There have been various other methods to achieve instance separation. Instead of considering the contour, [31] proposed a deep learning approach to detect superior markers for watershed by regressing the nuclear distance map. Therefore, the network avoids making a prediction for areas with indistinct contours.

In line with these developments, the field of instance segmentation within natural images is also rapidly progressing and have had a significant influence on nuclear instance segmentation methods. A notable example is Mask-RCNN [32], where instance segmentation approach is achieved by first predicting candidate regions likely to contain an object and then deep learning based segmentation within those proposed regions.

Fig. 1: Overview of the proposed approach for simultaneous nuclear instance segmentation and classification. When no classification labels are available, the network produces the instance segmentation as shown in (a). The different colours of the nuclear boundaries represent different types of nuclei in (b).

Ii-B Nuclear Classification

As well as performing instance segmentation, it is desirable to determine the type of each nucleus to facilitate and improve downstream analysis. It is possible for current models to differentiate between certain nuclear types in H&E, however sub-typing of lymphocytes is an extremely hard task due to the high levels of similarity in morphological appearance between T and B lymphocytes. Typically, classifying each nucleus is done via a two-stage approach, where the first step involves either nuclear segmentation or nuclear detection. When segmentation is used as the initial step, a series of morphological and textural features are extracted from each instance, which are then used within a classifier to determine the nuclei classes. For example, [33] classified nuclei within H&E stained breast cancer images as either tumour, lymphocyte or stromal based on their morphological features. [34] performed nuclear segmentation and then classified each nucleus with AdaBoost classifier, utilising the intensity, morphology and texture of nuclei as features. Otherwise, detection is performed as an initial step and a patch centred at the point of detection is fed into a classifier, to predict the type of nucleus. [35] proposed a spatially constrained CNN, that initially detects all nuclei and then for each nucleus an ensemble of associated patches are fed into a CNN to predict the type to be either epithelial, inflammatory, fibroblast or miscellaneous.

Iii Methods

Our overall framework for automatic nuclear instance segmentation and classification can be observed in Fig. 1 and the proposed network in Fig. 2. Here, nuclear pixels are first detected and then, a tailored post-processing pipeline is used to simultaneously segment nuclear instances and obtain the corresponding nuclear types. The framework is based upon the horizontal and vertical distance maps, which can be seen in Fig. 3. In the figure, each nuclear pixel denotes either the horizontal or vertical distance of pixels to their centres of mass.

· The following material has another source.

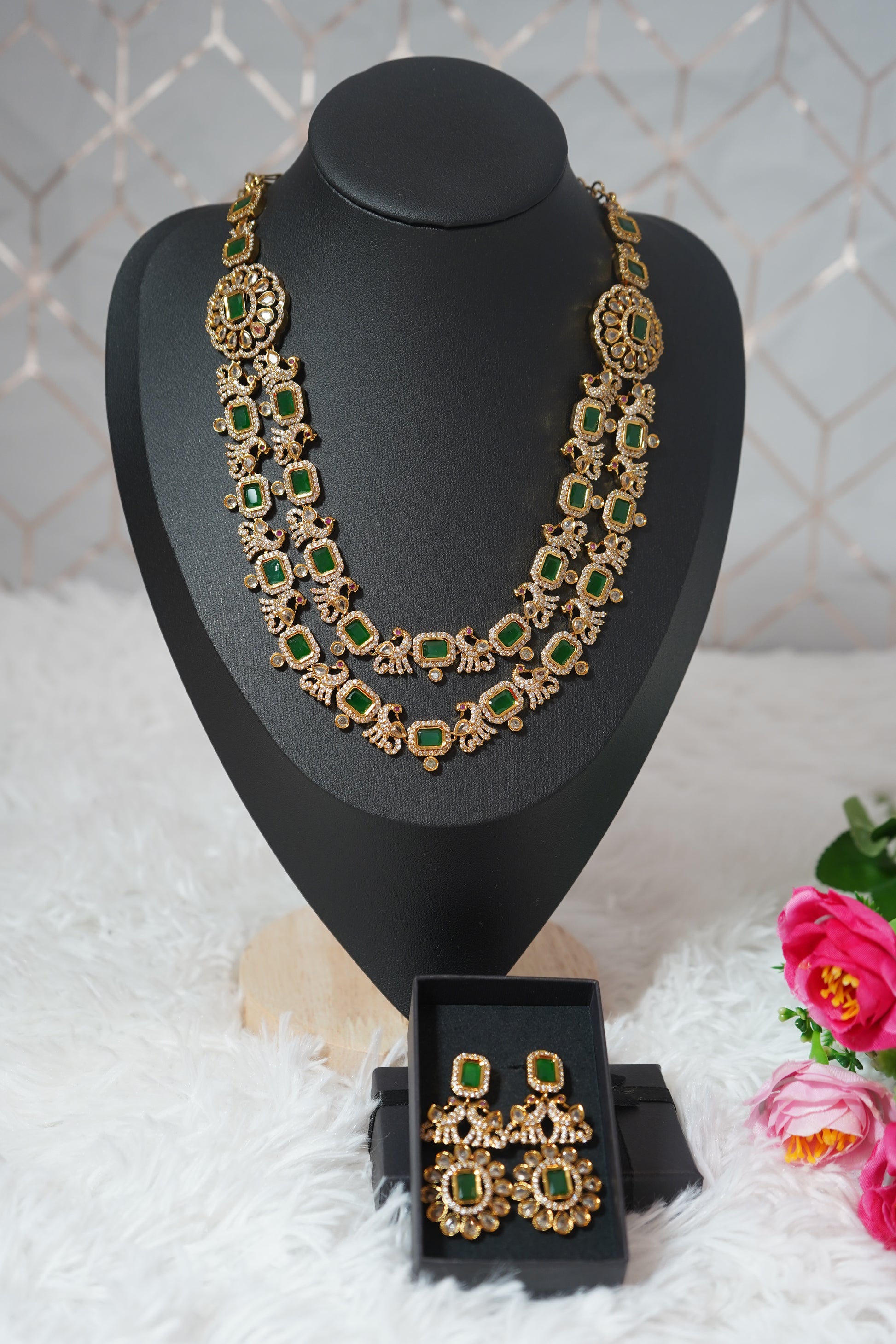 Elegant 2-layered long necklace set in green, finished with victorian polish
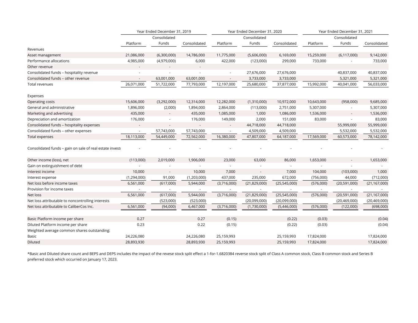 Platform Consolidated Funds Consolidated Platform Consolidated Funds Consolidated Platform Consolidated Funds Consolidated Revenues Asset management 21,086,000 (6,300,000) 14,786,000 11,775,000 (5,606,000) 6,169,000 15,259,000 (6,117,000) 9,142,000 Performance allocations 4,985,000 (4,979,000) 6,000 422,000 (123,000) 299,000 733,000 - 733,000 Other revenue - - - Consolidated funds – hospitality revenue - - - - 27,676,000 27,676,000 40,837,000 40,837,000 Consolidated funds – other revenue - 63,001,000 63,001,000 - 3,733,000 3,733,000 5,321,000 5,321,000 Total revenues 26,071,000 51,722,000 77,793,000 12,197,000 25,680,000 37,877,000 15,992,000 40,041,000 56,033,000 Expenses Operating costs 15,606,000 (3,292,000) 12,314,000 12,282,000 (1,310,000) 10,972,000 10,643,000 (958,000) 9,685,000 General and administrative 1,896,000 (2,000) 1,894,000 2,864,000 (113,000) 2,751,000 5,307,000 - 5,307,000 Marketing and advertising 435,000 - 435,000 1,085,000 1,000 1,086,000 1,536,000 - 1,536,000 Depreciation and amortization 176,000 - 176,000 149,000 2,000 151,000 83,000 - 83,000 Consolidated funds – hospitality expenses - - - - 44,718,000 44,718,000 55,999,000 55,999,000 Consolidated funds – other expenses - 57,743,000 57,743,000 - 4,509,000 4,509,000 5,532,000 5,532,000 Total expenses 18,113,000 54,449,000 72,562,000 16,380,000 47,807,000 64,187,000 17,569,000 60,573,000 78,142,000 Consolidated funds – gain on sale of real estate investm - - - - - - - - - Other income (loss), net (113,000) 2,019,000 1,906,000 23,000 63,000 86,000 1,653,000 - 1,653,000 Gain on extinguishment of debt - - - - - - - - - Interest income 10,000 - 10,000 7,000 - 7,000 104,000 (103,000) 1,000 Interest expense (1,294,000) 91,000 (1,203,000) 437,000 235,000 672,000 (756,000) 44,000 (712,000) Net loss before income taxes 6,561,000 (617,000) 5,944,000 (3,716,000) (21,829,000) (25,545,000) (576,000) (20,591,000) (21,167,000) Provision for income taxes - - - - - - - - - Net loss 6,561,000 (617,000) 5,944,000 (3,716,000) (21,829,000) (25,545,000) (576,000) (20,591,000) (21,167,000) Net loss attributable to noncontrolling interests (523,000) (523,000) (20,099,000) (20,099,000) (20,469,000) (20,469,000) Net loss attributable to CaliberCos Inc. 6,561,000 (94,000) 6,467,000 (3,716,000) (1,730,000) (5,446,000) (576,000) (122,000) (698,000) Basic Platform income per share 0.27 0.27 (0.15) (0.22) (0.03) (0.04) Diluted Platform income per share 0.23 0.22 (0.15) (0.22) (0.03) (0.04) Weighted average common shares outstanding: Basic 24,226,080 24,226,080 25,159,993 25,159,993 17,824,000 17,824,000 Diluted 28,893,930 28,893,930 25,159,993 25,159,993 17,824,000 17,824,000 Year Ended December 31, 2019 Year Ended December 31, 2020 Year Ended December 31, 2021 *Basic and Diluted share count and BEPS and DEPS includes the impact of the revese stock split effect a 1-for-1.6820384 reverse stock split of Class A common stock, Class B common stock and Series B preferred stock which occurred on January 17, 2023.

Iii-a Network Architecture

In order to extract a strong and representative set of features, we employ a deep neural network. The feature extraction component of the network is inspired by the pre-activated residual network with 50 layers [36] (Preact-ResNet50), due to its excellent performance in recent computer vision tasks [37] and robustness against input perturbation [38]. Compared to the standard Preact-ResNet50 implementation, we reduce the total down-sampling factor from 32 to 8 by using a stride of 1 in the first convolution and removing the subsequent max-pooling operation. This ensures that there is no immediate loss of information that is important for performing an accurate segmentation. Various residual units are applied throughout the network at different down-sampling levels. A series of consecutive residual units is denoted as a residual block. The number of residual units within each residual block is 3, 4, 6 and 3 that are applied at down-sampling levels 1, 2, 4 and 8 respectively. For clarity, a down-sampling level of 2 means that the input has a reduction in the spatial resolution by a factor of 2.

Fig. 2: Overview of the proposed architecture. (a) (Pre-activated) residual unit, (b) dense unit. indicates the number of feature maps within each residual unit. The yellow square within the input denotes the considered region at the output. When the classification labels aren’t available, only the up-sampling branches in the dashed box are considered.

Following Preact-ResNet50, we perform nearest neighbour up-sampling via three distinct branches to simultaneously obtain accurate nuclear instance segmentation and classification. We name the corresponding branches: (i) nuclear pixel (NP) branch; (ii) HoVer branch and (iii) nuclear classification (NC) branch. The NP branch predicts whether or not a pixel belongs to the nuclei or background, whereas the HoVer branch predicts the horizontal and vertical distances of nuclear pixels to their centres of mass. Then, the NC branch predicts the type of nucleus for each pixel. In particular, the NP and HoVer branches jointly achieve nuclear instance segmentation by first separating nuclear pixels from the background (NP branch) and then separating touching nuclei (HoVer branch). The NC branch determines the type of each nucleus by aggregating the pixel-level nuclear type predictions within each instance.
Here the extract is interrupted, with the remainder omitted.